CIS 120 OCaml Testing Guide

Testing in OCaml

Table of Contents:

Why do we care about testing?

CIS 121 answers this well, so we share their answer here:

Why do we care so much about testing? After all, we write tests for homework assignments, and you aren’t likely to come back to a homework assignment in six months and add breaking features to it. However, we are in the business of teaching good habits and practices. There are several benefits of writing tests properly:

  • Unit tests help you determine code correctness. How else would you know if your assignment is ready to submit unless you had written a full unit test suite?

  • Unit tests provide a mental framework for code design. After writing out your test suite, you should have a better understanding of the flows of data within your program, as well as the outputs that your program should emit in response to certain inputs.

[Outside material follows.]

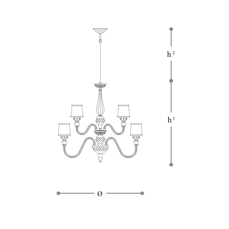 225 chandelier is able to transform any environment into a welcoming space. Made of amber carved crystal, metal frame and black or ivory shades that give off a warm and soft light.

  • Unit tests are an easy way of letting other people jump into a codebase. While this does not apply to CIS 121, in real life, codebases are shared between people. Not everyone can have a complete understanding of a software project; even Linus Torvalds, inventor of Linux, doesn’t fully understand the entire operating system and its ecosystem at this point. It is ostensible that someone can add a new feature or make a change to the code base that accidentally breaks existing functionality. A full test suite would catch this. What if an engineer came to work on a project years after you left that project? She wouldn’t be able to call you and ask you for your knowledge of the codebase. Therefore, unit tests are therefore an artifact of your knowledge.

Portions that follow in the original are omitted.